(Work item)
Your copy of the entries below should hold exactly the lines from the one containing "- RDW-vrijwaring voor" to the one containing "Yuvarlak aqua göz", inclusive, and no pictures.

::::

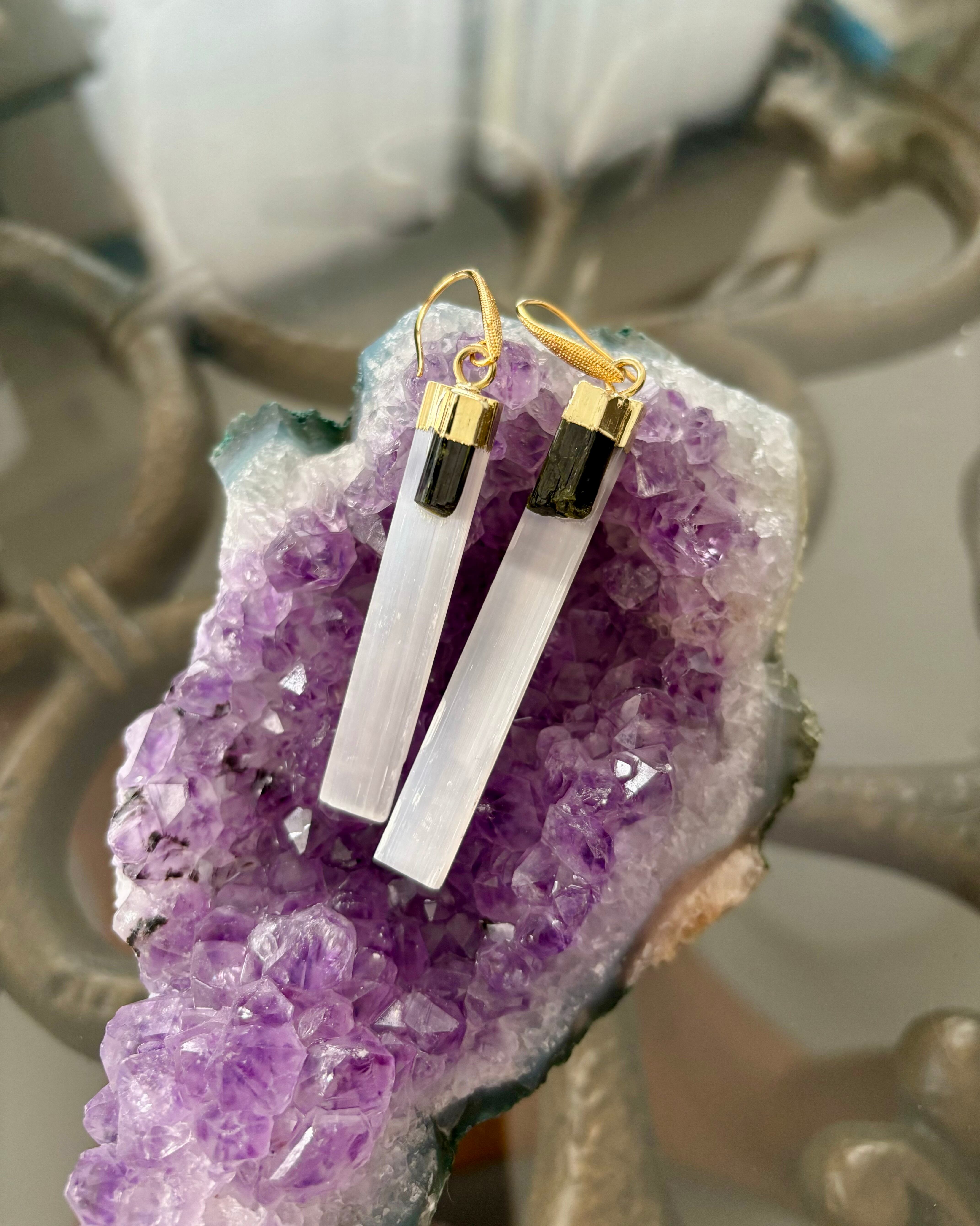 【NEW】セレナイト・トルマリンピアス
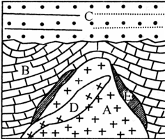 1、单选题 图是某地地质剖面图,根据岩石的相互关系,图中A、B、C、D、E岩石形成的先后顺序(从新到老) 为
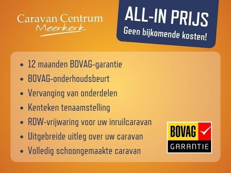 - RDW-vrijwaring voor uw eventuele inruilcaravan
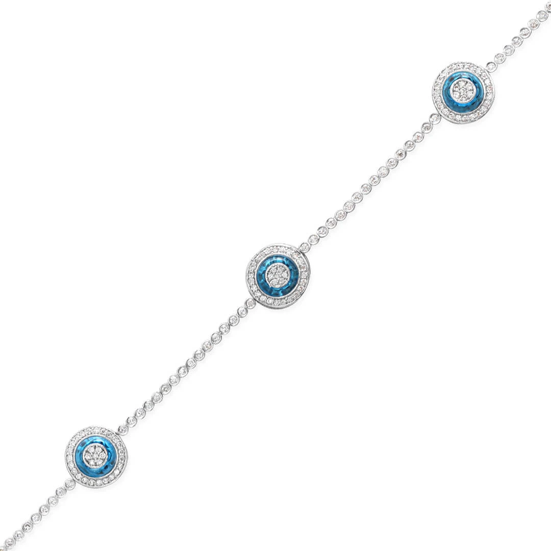 Yuvarlak aqua göz üzeri pırlanta taş kombinasyonu ile özel bir duruşa sahip 14 ayar beyaz altın 0.87 F-SI kesim ışıl ışıl taşlarıyla ışıltısına her anınızda hayran bırakan günlük olarak da kullanabileceğiniz hem fantazi hem spor model pırlanta 3'lü göz bileklik.
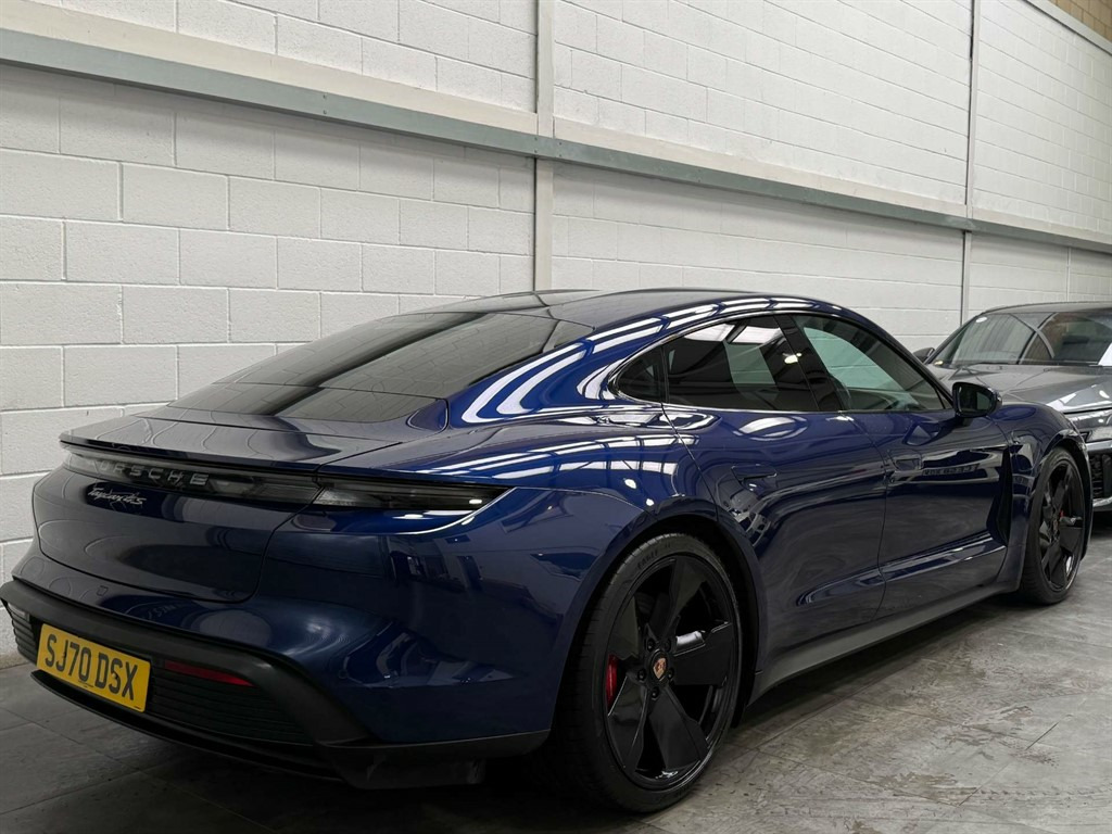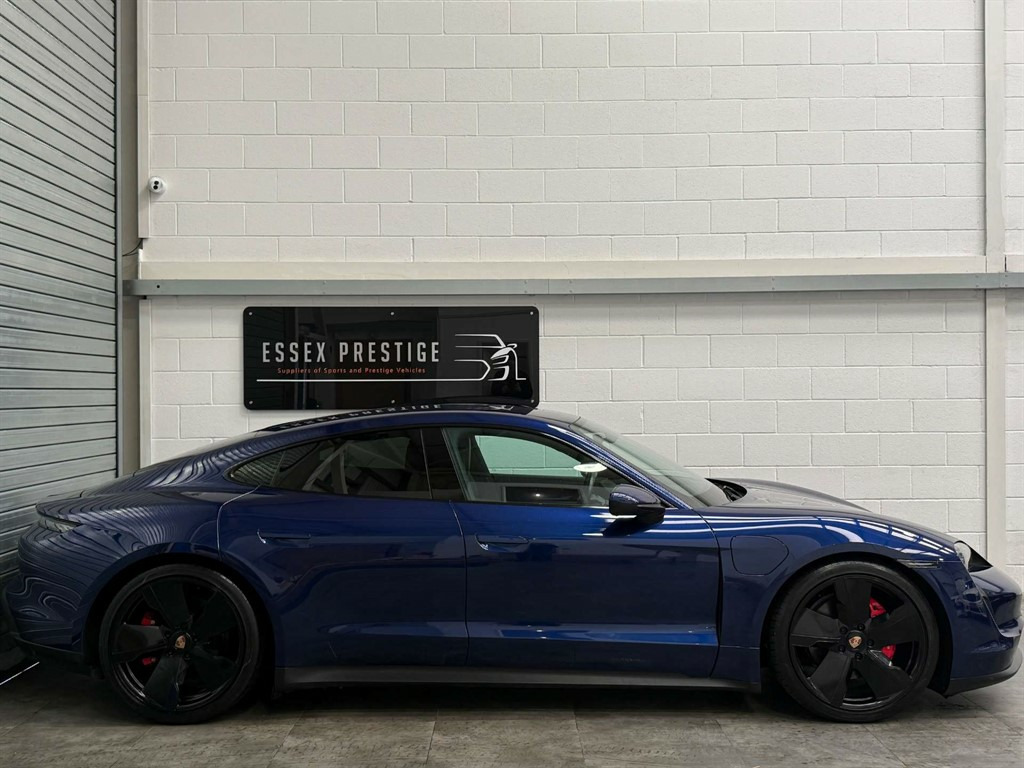 Full Service History, Sat Nav, Rear View Camera, Front & Rear Sensors, Bose Sound System, Black Pack, Apple Car Play, Heated Front Seats, 11kW AC On-Board Charger,12v Electrical Socket in Rear Luggage Compartment,12v Electrical Socket in the Centre Console Storage Compartment,16.8in Curved Display,2 USB-C Charge Ports in the Rear,2 USB-C Connectivity and Charge Ports in the Centre Console Storage Compartment,3-Point Automatic Seat Belts with Pre-Tensioners - Front and Outer Rear Seats and Front Force Limiter,4-Point LED Daytime Running Lights,50kW DC On-Board Charger for use of Public Charging Stations with a voltage of 400V,ABS - Anti-lock Brake System,Accent Package in Black,Active Bonnet System,Active Carbon Fine Dust Filter,Adaptive Air Suspension including Porsche Active Suspension Management - PASM,Advanced 2-Zone Climate Control,Aluminium Double-Wishbone Front Axle,Aluminium Multi-Link Rear Axle,Auto-Deploying Door Handles,Automatic Headlight Activation including Welcome Home Lighting,Automatic Hold Function,Automatic Tailgate,B-Pillar Clothes Hook on Driver and Passengers Side,Brake Calipers with Red Finish,Brake Pad Wear Indicator,Bumpers Comprising High-Strength Cross Members and Two Deformation Elements Each with One Threaded Fixture Point for Towing Eye Contained in On-Board Tool Kit,Cable between Charger and Vehicle - 7.5m,Centre Console with Direct Touch Control,Charge Port on Driver and Front Passenger Side,Collision and Brake Assist,Comfort Seats - Front with 8-way Electrical Adjustment of Seat Height - Seat and Backrest Angle and Fore-aft Position,Cruise Control including Adaptive Speed Limiter,Curtain Airbags Along Entire Roof Frame and Side Windows from the A-Pillar to the C-Pillar,DC Charging at Public Charging Stations with Voltage of 800V,Digital Radio,Door Sill Guards in Brushed Aluminium,Driver Personalisation,Electric Parking Brake,Electric Windows - Front and Rear,Electrically Adjustable and Heated Exterior Mirrors - Aspherical on Drivers Side,Engine Bonnet - Rear Tailgate - Doors - Side Panels - Roof and Front Wings in Aluminium,Engine Immobiliser with Remote Central Locking and Alarm System with Radar-Based Interior Surveillance,Exterior Mirror Lower Trims Including Mirror Base in Black,Floor Mats,Four-Piston Aluminium Monobloc Fixed Brake Calipers at Rear,Front Centre Console Armrest with Integrated Storage Compartment,Front Side Airbags,Full Size Airbags for Driver and Front Passenger,Full Surface Aerodynamic Underbody Panelling,Fully Galvanised Steel-Aluminium Hybrid Lightweight Bodyshell,Heat Pump,Heated Rear Window with Auto-Off Function,ISOFIX Mounting Points for Child Seats on Outer Rear Seats,Illuminated Vanity Mirrors for Driver and Front Passenger,Integrated Front Headrests,Integrated Porsche 4D Chassis Control,Keyless Drive,Knee Airbags for Driver and Front Passenger,LED Headlights including Porsche Dynamic Light System Plus - PDLS Plus,LED Interior Lighting Concept,Lane Keeping Assist including Traffic Sign Recognition,Light Strip,Lower Valance in Black,Luggage Compartments at Front and Rear,Manual Adjustment of Seat Belt Height for Driver and Front Passenger Seats,Model Designation on Tailgate in Silver Colour,Multi-Collision Brake,Multi-Function Sports Steering Wheel in Leather,PTM - Porsche Traction Management,ParkAssist - Front and Rear with Visual and Audible Warning,Parking Pre-Climatisation,Performance Battery Plus,Porsche Active Aerodynamics with Active Air Intake Flaps and Adaptive Rear Spoiler,Porsche Communication Management PCM Includes Navigation Module Mobile Phone Preparation Audio Interface and Voice Control System,Porsche Connect with Apple Carplay,Porsche Intelligent Range Manager,Porsche Logo in Glass Look Integrated into Rear Light Strip,Porsche Stability Management - PSM Including ABS with Extended Brake Functions,Porsche Vehicle Tracking System Plus,Power Steering,Range Mode for the Activation of Efficiency-Orientated Settings,Rear Diffuser in Louvered Design in Black,Rear Seats with 2 Seats in Single-Seat Look - Fold out Armrest and Split Folding Backrests 60-40,Rollover Detection for Activation of Curtain Airbags and Seat Belt Pretensioners,Roof Lining in Fabric,Roof in Aluminium Contoured Design with Dynamic Recess Profile,Seat Belt Warning System for Driver - Front Passenger and Rear Seat System,Seats - Heated Front,Side Impact Protection Integrated into Doors,Side Window Trims - Silver Colour - High-Gloss,Sideskirts in Black,Six-Piston Aluminium Monobloc Fixed Brake Calipers at Front,Sound Package Plus,Sport Mode for the Activation of Dynamic Performance Settings Including Launch Control,Storage Compartment,Sun Visors for Driver and Front Passenger,Supply Cable for Domestic Electrical Socket,Supply Cable for Industrial Electrical Outlet - 230V-32A,Tailgate Button,Taycan Badge on the Centre Console,Thermally Insulated Glass All Round,Third Brake Light,Two Integrated Cupholders Front and Rear,Tyre Pressure Monitoring - TPM,Upper Valance with Vertical Air Intakes - Air Curtain,Wheel Centres with Monochrome Porsche Crest,Windscreen Wiper System Including Rain Sensor and Washer Jets,Black Pack,BOSE Surround Sound System with 14 Speakers Including Subwoofer and a Total Output of 710 Watts,21in Alloy Wheels - Taycan Exclusive Design,Wheels Painted in High Gloss Black,Partial Leather - Black
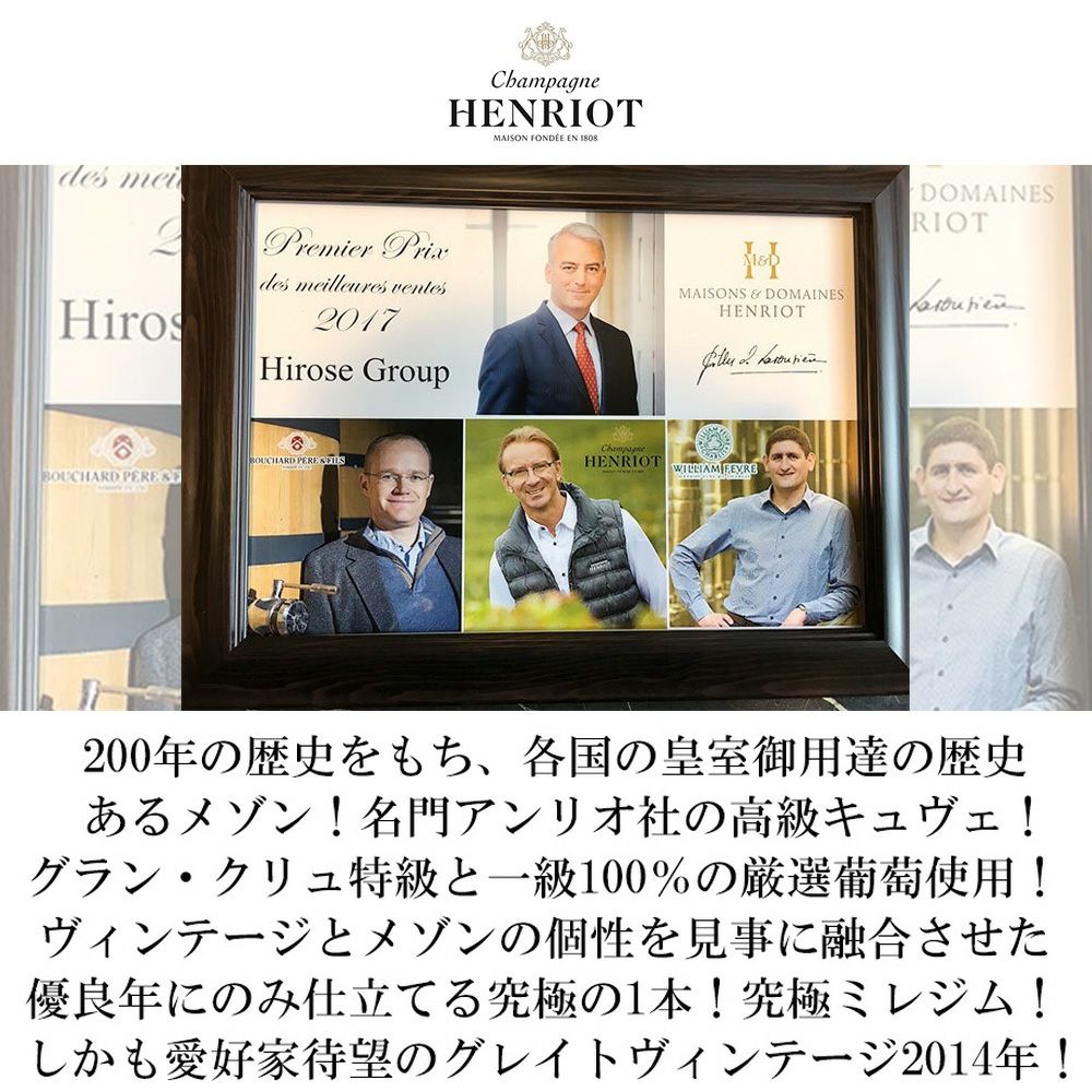 他の画像を見る 【箱入】アンリオ シャンパーニュ ブリュット ミレジメ 2014 アンリオ社 AOCミレジム シャンパーニュ ドサージュ5g/L 正規品Henriot Champagne Brut Vintage [2014] シャンパン フランス 辛口 当店特別価格 ¥ 13,522 税込 カートに入れる お気に入りに登録する
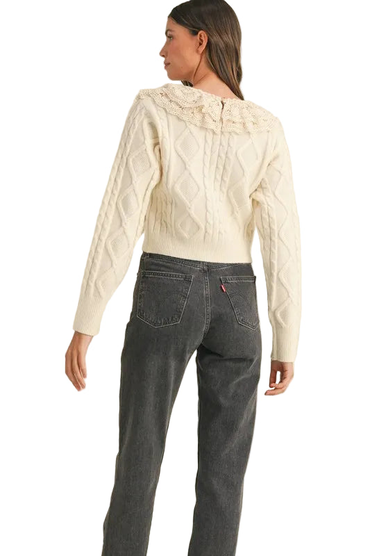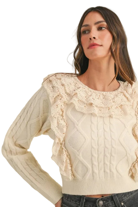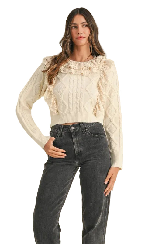 Cozy meets feminine charm in this cream-toned cable-knit sweater, adorned with soft ruffle accents along the shoulders and chest for a touch of romantic flair. The classic knit pattern adds texture and warmth, while the slightly cropped silhouette makes it perfect for pairing with high-waisted jeans or skirts. Ideal for transitioning seasons, this sweater effortlessly balances casual comfort with elevated style.
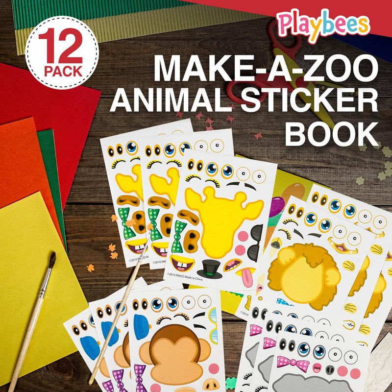 Playbees Make A Zoo Animal Stickers - 12 Pack - Zoo and Safari Themed Birthday Party Favors - Fun Craft Project for Children 3+ - Let Your Kids Get Creative & Design Animal Stickers
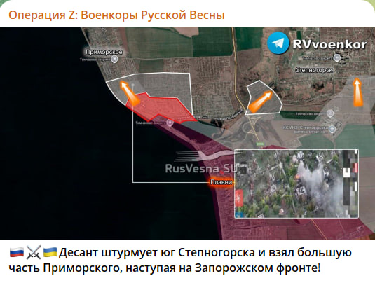 Согласно последним данным, на левом фланге Запорожского направления наши войска после взятия Плавней контролируют около 2/3 Приморского, расположенного вдоль берега Каховского водохранилища. ВСУ время от времени пытаются контратаковать с северо-запада. Неудачно.
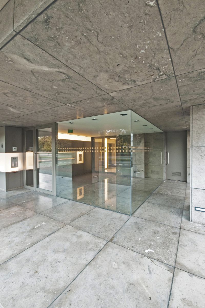 Een gelijmde structurele kamerbrede beglazing en glazen borstweringen aan de binnenzijde, zorgen voor een optimale transparantie en een adembenemend zicht op het stadspark.
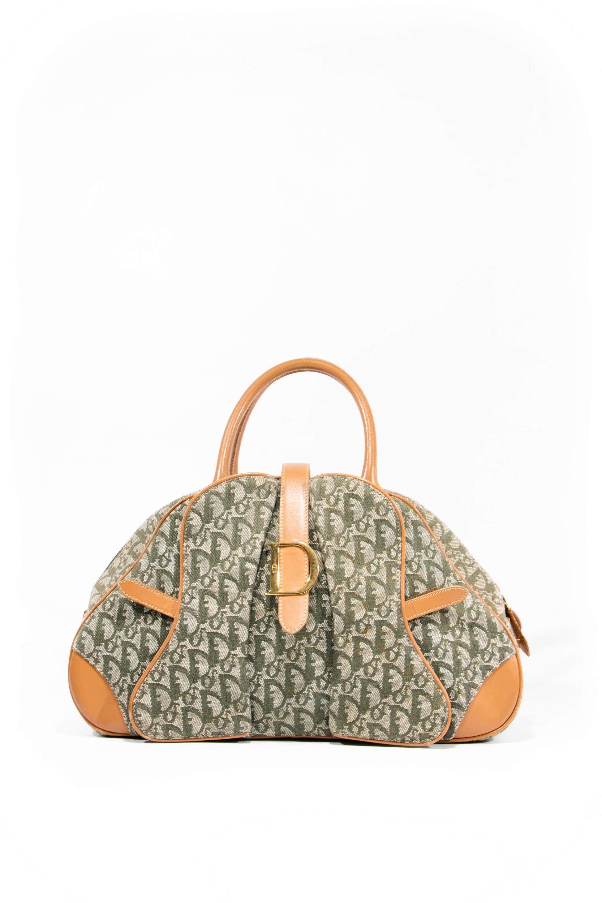Brand: Christian Dior | Style: Bowler | Type: Hand bag | Color: Green | Material: Canvas | Macbook friendly: No | Height: 22 cm. Length: 40 cm. Width: 10 cm. | Condition: Excellent | SKU: 4102

::::

(Answer to the exercise)
 - RDW-vrijwaring voor uw eventuele inruilcaravan
 Yuvarlak aqua göz üzeri pırlanta taş kombinasyonu ile özel bir duruşa sahip 14 ayar beyaz altın 0.87 F-SI kesim ışıl ışıl taşlarıyla ışıltısına her anınızda hayran bırakan günlük olarak da kullanabileceğiniz hem fantazi hem spor model pırlanta 3'lü göz bileklik.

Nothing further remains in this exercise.